▸ WORK REQUEST
From first entry to last, give the listing again verbatim.

▸ GIVEN RECORDS
= = = =

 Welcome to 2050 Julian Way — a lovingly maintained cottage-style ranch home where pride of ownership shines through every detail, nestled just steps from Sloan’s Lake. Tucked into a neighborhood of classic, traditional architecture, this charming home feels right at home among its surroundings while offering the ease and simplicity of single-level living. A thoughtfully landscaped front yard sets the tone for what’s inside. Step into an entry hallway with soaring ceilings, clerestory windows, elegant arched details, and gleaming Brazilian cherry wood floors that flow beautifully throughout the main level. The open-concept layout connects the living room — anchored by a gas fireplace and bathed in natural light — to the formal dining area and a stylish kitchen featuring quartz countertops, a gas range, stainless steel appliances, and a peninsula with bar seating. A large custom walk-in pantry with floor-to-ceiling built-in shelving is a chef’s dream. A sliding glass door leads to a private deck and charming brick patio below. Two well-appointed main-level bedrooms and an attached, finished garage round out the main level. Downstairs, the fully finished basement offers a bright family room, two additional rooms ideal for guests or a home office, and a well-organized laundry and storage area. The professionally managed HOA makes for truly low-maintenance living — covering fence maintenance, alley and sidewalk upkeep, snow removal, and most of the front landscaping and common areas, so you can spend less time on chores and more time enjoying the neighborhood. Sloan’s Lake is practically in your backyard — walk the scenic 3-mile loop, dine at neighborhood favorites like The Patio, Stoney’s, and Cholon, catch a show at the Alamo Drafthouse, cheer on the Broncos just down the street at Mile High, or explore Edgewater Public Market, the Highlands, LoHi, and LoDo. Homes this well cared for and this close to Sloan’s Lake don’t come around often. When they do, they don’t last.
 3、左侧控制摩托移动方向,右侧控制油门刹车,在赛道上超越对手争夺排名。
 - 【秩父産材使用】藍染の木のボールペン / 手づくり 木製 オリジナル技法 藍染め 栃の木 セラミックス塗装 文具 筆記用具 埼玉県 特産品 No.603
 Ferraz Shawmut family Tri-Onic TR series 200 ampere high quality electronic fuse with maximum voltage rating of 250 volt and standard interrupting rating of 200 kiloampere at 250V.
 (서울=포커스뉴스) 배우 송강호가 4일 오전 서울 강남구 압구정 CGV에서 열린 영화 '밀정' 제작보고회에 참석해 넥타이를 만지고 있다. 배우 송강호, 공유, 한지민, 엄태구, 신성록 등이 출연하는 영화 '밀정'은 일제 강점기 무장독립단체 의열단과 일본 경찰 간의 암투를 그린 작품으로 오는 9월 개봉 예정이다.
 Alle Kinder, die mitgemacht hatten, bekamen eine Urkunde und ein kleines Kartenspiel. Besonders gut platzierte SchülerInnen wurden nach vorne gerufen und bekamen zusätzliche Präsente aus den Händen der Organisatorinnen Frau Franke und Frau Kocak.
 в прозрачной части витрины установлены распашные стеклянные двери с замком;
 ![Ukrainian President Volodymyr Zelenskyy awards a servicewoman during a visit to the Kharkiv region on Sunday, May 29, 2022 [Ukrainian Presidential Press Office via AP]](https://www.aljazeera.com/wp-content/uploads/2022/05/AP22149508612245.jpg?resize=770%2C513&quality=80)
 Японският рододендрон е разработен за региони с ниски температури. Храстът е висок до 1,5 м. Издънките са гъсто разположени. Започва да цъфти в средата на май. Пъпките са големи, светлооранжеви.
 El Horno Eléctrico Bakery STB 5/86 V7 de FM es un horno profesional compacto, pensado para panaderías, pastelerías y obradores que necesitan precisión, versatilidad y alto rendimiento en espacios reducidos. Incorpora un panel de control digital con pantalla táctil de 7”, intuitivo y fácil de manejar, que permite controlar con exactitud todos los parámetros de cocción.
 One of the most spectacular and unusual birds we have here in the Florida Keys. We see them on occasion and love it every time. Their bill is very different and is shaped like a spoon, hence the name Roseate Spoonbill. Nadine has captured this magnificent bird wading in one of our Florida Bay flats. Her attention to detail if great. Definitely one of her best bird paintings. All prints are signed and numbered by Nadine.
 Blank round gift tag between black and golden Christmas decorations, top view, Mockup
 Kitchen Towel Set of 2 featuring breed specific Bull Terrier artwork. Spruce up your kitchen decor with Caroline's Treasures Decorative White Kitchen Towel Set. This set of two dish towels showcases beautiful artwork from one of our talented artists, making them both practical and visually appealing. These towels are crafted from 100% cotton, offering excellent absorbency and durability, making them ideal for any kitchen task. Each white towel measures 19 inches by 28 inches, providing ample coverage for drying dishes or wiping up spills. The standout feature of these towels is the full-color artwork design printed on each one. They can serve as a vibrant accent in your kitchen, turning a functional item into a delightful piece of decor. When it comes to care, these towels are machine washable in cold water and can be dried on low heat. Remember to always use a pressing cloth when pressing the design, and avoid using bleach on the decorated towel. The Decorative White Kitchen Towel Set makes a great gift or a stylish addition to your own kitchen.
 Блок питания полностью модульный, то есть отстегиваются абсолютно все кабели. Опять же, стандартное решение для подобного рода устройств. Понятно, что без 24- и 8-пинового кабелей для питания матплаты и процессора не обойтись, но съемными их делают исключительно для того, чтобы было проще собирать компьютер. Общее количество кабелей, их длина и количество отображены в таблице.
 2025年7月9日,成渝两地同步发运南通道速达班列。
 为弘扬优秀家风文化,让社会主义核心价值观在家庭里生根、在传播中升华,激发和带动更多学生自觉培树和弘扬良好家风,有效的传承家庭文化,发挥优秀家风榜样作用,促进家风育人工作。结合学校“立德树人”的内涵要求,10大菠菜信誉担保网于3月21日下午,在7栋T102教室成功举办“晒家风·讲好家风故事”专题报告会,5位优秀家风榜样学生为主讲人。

= = = =

▸ RESULT OF THE TASK
 Welcome to 2050 Julian Way — a lovingly maintained cottage-style ranch home where pride of ownership shines through every detail, nestled just steps from Sloan’s Lake. Tucked into a neighborhood of classic, traditional architecture, this charming home feels right at home among its surroundings while offering the ease and simplicity of single-level living. A thoughtfully landscaped front yard sets the tone for what’s inside. Step into an entry hallway with soaring ceilings, clerestory windows, elegant arched details, and gleaming Brazilian cherry wood floors that flow beautifully throughout the main level. The open-concept layout connects the living room — anchored by a gas fireplace and bathed in natural light — to the formal dining area and a stylish kitchen featuring quartz countertops, a gas range, stainless steel appliances, and a peninsula with bar seating. A large custom walk-in pantry with floor-to-ceiling built-in shelving is a chef’s dream. A sliding glass door leads to a private deck and charming brick patio below. Two well-appointed main-level bedrooms and an attached, finished garage round out the main level. Downstairs, the fully finished basement offers a bright family room, two additional rooms ideal for guests or a home office, and a well-organized laundry and storage area. The professionally managed HOA makes for truly low-maintenance living — covering fence maintenance, alley and sidewalk upkeep, snow removal, and most of the front landscaping and common areas, so you can spend less time on chores and more time enjoying the neighborhood. Sloan’s Lake is practically in your backyard — walk the scenic 3-mile loop, dine at neighborhood favorites like The Patio, Stoney’s, and Cholon, catch a show at the Alamo Drafthouse, cheer on the Broncos just down the street at Mile High, or explore Edgewater Public Market, the Highlands, LoHi, and LoDo. Homes this well cared for and this close to Sloan’s Lake don’t come around often. When they do, they don’t last.
 3、左侧控制摩托移动方向,右侧控制油门刹车,在赛道上超越对手争夺排名。
 - 【秩父産材使用】藍染の木のボールペン / 手づくり 木製 オリジナル技法 藍染め 栃の木 セラミックス塗装 文具 筆記用具 埼玉県 特産品 No.603
 Ferraz Shawmut family Tri-Onic TR series 200 ampere high quality electronic fuse with maximum voltage rating of 250 volt and standard interrupting rating of 200 kiloampere at 250V.
 (서울=포커스뉴스) 배우 송강호가 4일 오전 서울 강남구 압구정 CGV에서 열린 영화 '밀정' 제작보고회에 참석해 넥타이를 만지고 있다. 배우 송강호, 공유, 한지민, 엄태구, 신성록 등이 출연하는 영화 '밀정'은 일제 강점기 무장독립단체 의열단과 일본 경찰 간의 암투를 그린 작품으로 오는 9월 개봉 예정이다.
 Alle Kinder, die mitgemacht hatten, bekamen eine Urkunde und ein kleines Kartenspiel. Besonders gut platzierte SchülerInnen wurden nach vorne gerufen und bekamen zusätzliche Präsente aus den Händen der Organisatorinnen Frau Franke und Frau Kocak.
 в прозрачной части витрины установлены распашные стеклянные двери с замком;
 ![Ukrainian President Volodymyr Zelenskyy awards a servicewoman during a visit to the Kharkiv region on Sunday, May 29, 2022 [Ukrainian Presidential Press Office via AP]](https://www.aljazeera.com/wp-content/uploads/2022/05/AP22149508612245.jpg?resize=770%2C513&quality=80)
 Японският рододендрон е разработен за региони с ниски температури. Храстът е висок до 1,5 м. Издънките са гъсто разположени. Започва да цъфти в средата на май. Пъпките са големи, светлооранжеви.
 El Horno Eléctrico Bakery STB 5/86 V7 de FM es un horno profesional compacto, pensado para panaderías, pastelerías y obradores que necesitan precisión, versatilidad y alto rendimiento en espacios reducidos. Incorpora un panel de control digital con pantalla táctil de 7”, intuitivo y fácil de manejar, que permite controlar con exactitud todos los parámetros de cocción.
 One of the most spectacular and unusual birds we have here in the Florida Keys. We see them on occasion and love it every time. Their bill is very different and is shaped like a spoon, hence the name Roseate Spoonbill. Nadine has captured this magnificent bird wading in one of our Florida Bay flats. Her attention to detail if great. Definitely one of her best bird paintings. All prints are signed and numbered by Nadine.
 Blank round gift tag between black and golden Christmas decorations, top view, Mockup
 Kitchen Towel Set of 2 featuring breed specific Bull Terrier artwork. Spruce up your kitchen decor with Caroline's Treasures Decorative White Kitchen Towel Set. This set of two dish towels showcases beautiful artwork from one of our talented artists, making them both practical and visually appealing. These towels are crafted from 100% cotton, offering excellent absorbency and durability, making them ideal for any kitchen task. Each white towel measures 19 inches by 28 inches, providing ample coverage for drying dishes or wiping up spills. The standout feature of these towels is the full-color artwork design printed on each one. They can serve as a vibrant accent in your kitchen, turning a functional item into a delightful piece of decor. When it comes to care, these towels are machine washable in cold water and can be dried on low heat. Remember to always use a pressing cloth when pressing the design, and avoid using bleach on the decorated towel. The Decorative White Kitchen Towel Set makes a great gift or a stylish addition to your own kitchen.
 Блок питания полностью модульный, то есть отстегиваются абсолютно все кабели. Опять же, стандартное решение для подобного рода устройств. Понятно, что без 24- и 8-пинового кабелей для питания матплаты и процессора не обойтись, но съемными их делают исключительно для того, чтобы было проще собирать компьютер. Общее количество кабелей, их длина и количество отображены в таблице.
 2025年7月9日,成渝两地同步发运南通道速达班列。
 为弘扬优秀家风文化,让社会主义核心价值观在家庭里生根、在传播中升华,激发和带动更多学生自觉培树和弘扬良好家风,有效的传承家庭文化,发挥优秀家风榜样作用,促进家风育人工作。结合学校“立德树人”的内涵要求,10大菠菜信誉担保网于3月21日下午,在7栋T102教室成功举办“晒家风·讲好家风故事”专题报告会,5位优秀家风榜样学生为主讲人。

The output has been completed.